Skip to content
 

An Excel add-in for regression analysis

Bob Nau writes:

I know you are not particularly fond of Excel, but you might (I hope) be interested in a free Excel add-in for multivariate data analysis and linear regression that I am distributing here: http://regressit.com. I originally developed it for teaching an advanced MBA elective course on regression and time series analysis at Duke University, but it is intended for teaching data analysis at any level where students are familiar with Excel (and use it on PC’s), and it is also intended for serious applied work as a complement to other analytical software. It has been available to the public since May 2014, and a new version has just been released.
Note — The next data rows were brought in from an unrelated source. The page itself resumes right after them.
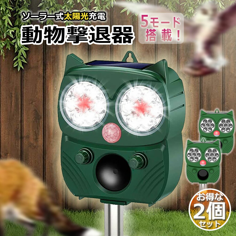 動物撃退器 害獣撃退器 2個セット 超音波 フラッシュライト 警報音 広範囲 センサー ソーラー 太陽光 USB充電式 防水 5モード 猫 鳥 ネズミ 犬 害獣 よけ 簡単 設置 ガーデン 畑 家庭菜園 キャンプ 登山 エコ 省エネ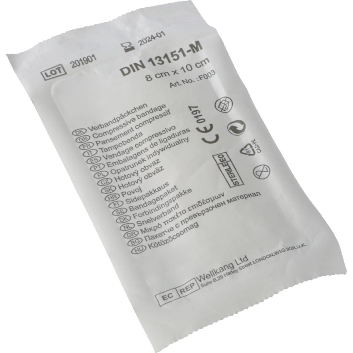 Verbandpäckchen in verschiedenen Größen zum Stillen von Blutungen oder dem Schutz von oberflächlichen Wunden, Verletzungen, Brandwunden, Schürfwunden, Riss- und Schnittverletzungen vor Verunreingungen.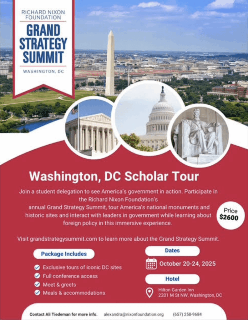 Erick Perez, a senior member of SAE at Cal State Fullerton, has been selected as one of only ten students chosen by the College of Business to attend the Richard Nixon Grand Strategy Summit in Washington, D.C. Through his involvement with SAE, the Latino Business Student Association, and his work in the Dean’s Office, Erick earned this incredible opportunity.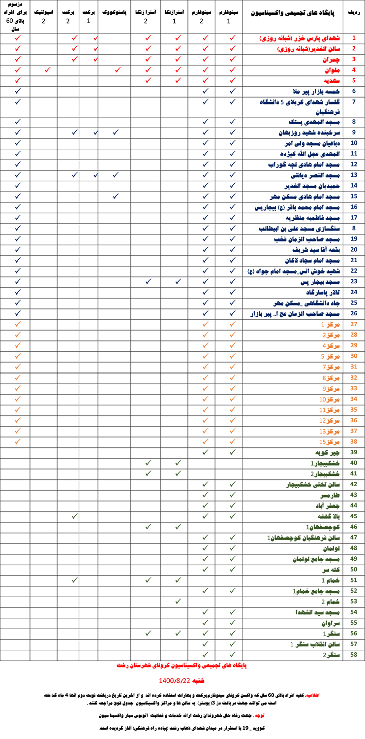 گفتنی است، همچنین کلیه افراد بالای ۶۰ سال که واکسن کرونای سینوفارم، برکت و بهارات استفاده کردهاند و از آخرین تاریخ ردیافت نوبت دوم آنها، ۴ ماه گذشته است، میتوانند جهت دریافت دُز ۳ (بوستر) به سالنها و مراکز واکسیناسیون جدول زیر مراجعه کنند.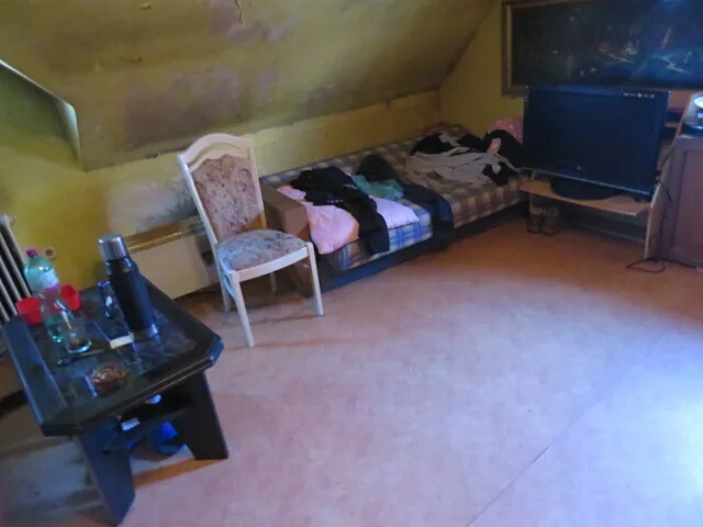 V přízemí domu se nachází obytný prostor o dispozici 1+1. Přízemí je rozděleno na kuchyň (20,62 m2), chodbu (10,22 m2), koupelnu (7,03 m2), WC (0,74 m2), sklad (5,88 m2), kotelnu (4,81 m2), kolnu (21,12 m2), komoru (0,88 m2), pokoj (10,96 m2) a schodiště (2,93 m2). Koupelna je vybavena vanou. V podkroví je disposice 2+0. Patro je rozděleno na chodbu (2,48 m2), pokoj (24,54 m2) a pokoj (13,65 m2).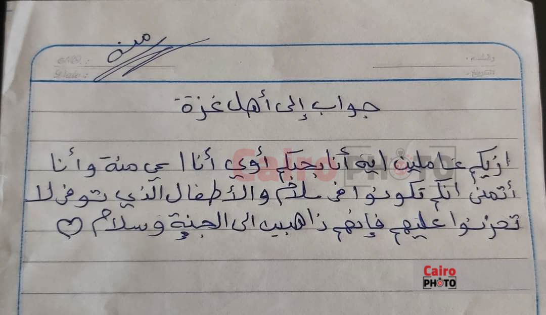 تفاصيل خطابات دعم بخط اليد من أطفال المنوفية لأشقائهم في غزة

If I do say so myself, its default regression output is more thoughtfully designed and includes higher quality graphics than what is provided by the best-known statistical programming languages or by commercial Excel add-ins such as Analyse-it, XLstat, or StatTools. It also has a number of unique features that are designed to facilitate data exploration and model testing and to support a disciplined and well-documented approach to analysis, with an emphasis on data visualization. My frustration with the stone-age graphics output of the leading regression software was the original motivation for its development, and I am now offering it for free as a public service. Please take it for a test drive and see for yourself. I’d welcome your feedback.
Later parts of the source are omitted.